To recap, I was one of the very first to arrive around 6.00pm at the venue – Revolution Bar in Tower Hill. The venue started filling in by 7.00pm and it was so much of fun walking around and talking with all the SQL peeps. Oh ok, while the lesser mortals like me were busy drinking up the free beer and food, the Gods sat around the system, racking their brains and trying out the challenges. It looks like I was sort of a lucky mascot today, 3 people who were standing near me got an Apple Ipod in the lucky draw and Neil Hambly (blog ¦ twitter), whom I was cheering, ended up getting the first prize in the event.

Neil Hambly at work

The ambience was pretty dark, so couldn’t get any nice photos but I couldn’t resist the urge to paste this half-baked blurry photo of the victors in the podium.

Neil Hambly and the winners with their prizes

A Sony Vaio laptop and 2 XBOXes, the sponsors rocked! Thanks a lot Fusion-IO, once again. If you guys are wondering why I am thanking Fusion-IO again and again, check out the free goodies which I got.Crappy Code goodies

All warmed up for the SQLBits event at Brighton now!

Tuesday, March 15, 2011

Where to store calculated measures – SSAS cube or SSRS reports?
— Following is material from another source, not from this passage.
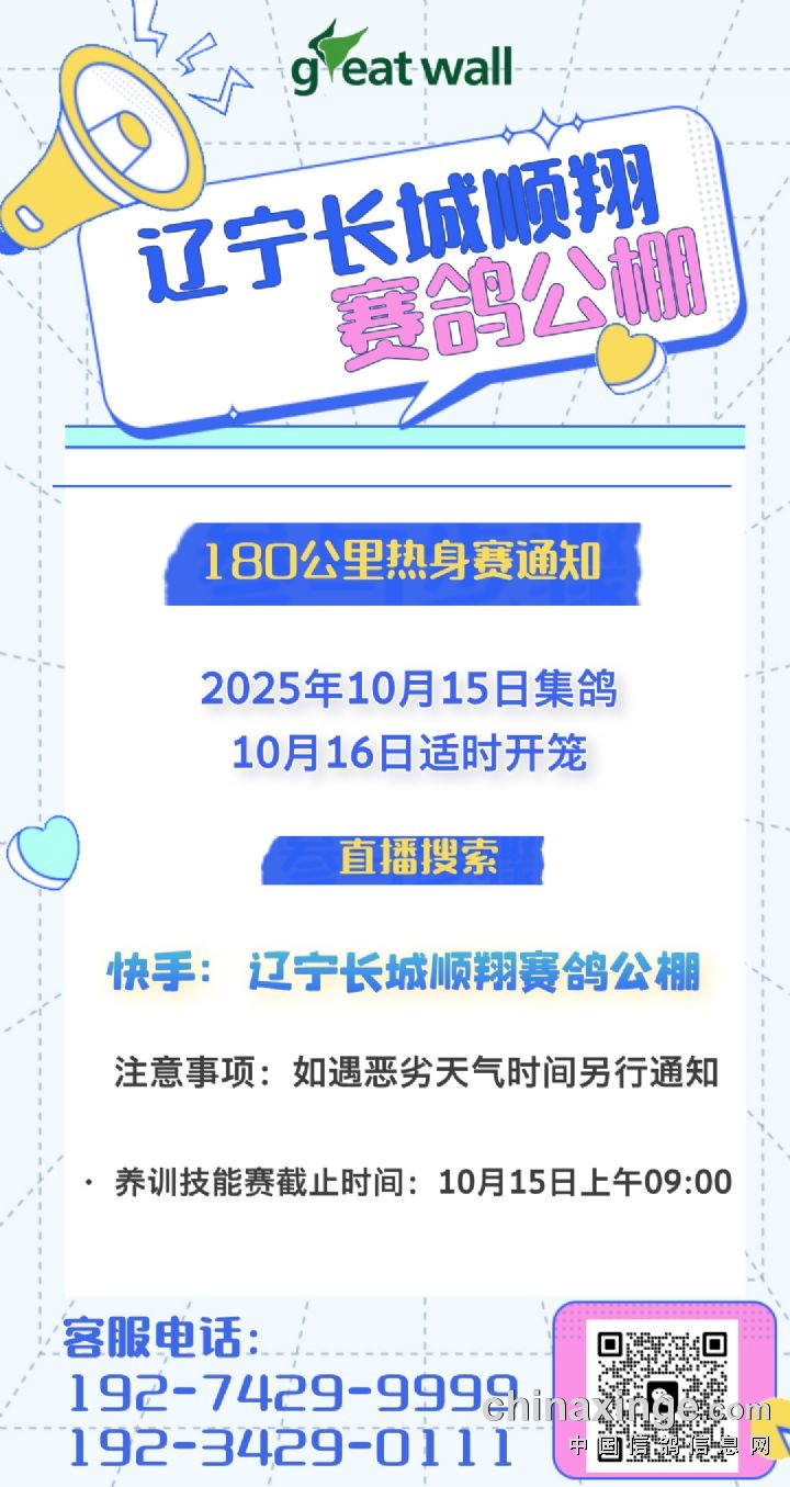辽宁长城顺翔赛鸽公棚500公里决赛养训技能赛报名公告

As I mentioned in one of my previous posts, nowadays I am busy preparing the design document of my new project and sending it around for reviews. If there is one question I could pick from the list that keeps coming back to me frequently, that would be this – why are you recommending to store all the report level calculations in the cube rather than in the reports? Usually I get away by just answering it is better for query performance and the reports would come out faster. Of course, I didn’t see any value explaining the technical behind-the-scenes part on why the reports would come out faster to my reviewers (ok, I admit, I am just lazy). But this time, one of my over-zealous peers was adamant on knowing the reason and I decided to demonstrate it to him finally.

Store calculated measure in cube demo

Before I illustrate the actual demonstration, it is necessary to understand the importance of caching in SSAS. Designing a system which will optimally utilize the caching feature is very critical for query performance and user experience. To quote SSAS 2008 Performance Guide

“ During the execution of an MDX query, the query processor stores calculation results in the query processor cache. The primary benefits of the cache are to optimize the evaluation of calculations and to support reuse of calculation results across users. To understand how the query processor uses caching during query execution, consider the following example. You have a calculated member called Profit Margin. When an MDX query requests Profit Margin by Sales Territory, the query processor caches the non null Profit Margin values for each Sales Territory. To manage the reuse of the cached results across users, the query processor distinguishes different contexts in the cache:

Query Context—contains the result of any calculations created by using the WITH keyword within a query. The query context is created on demand and terminates when the query is over. Therefore, the cache of the query context is not shared across queries in a session.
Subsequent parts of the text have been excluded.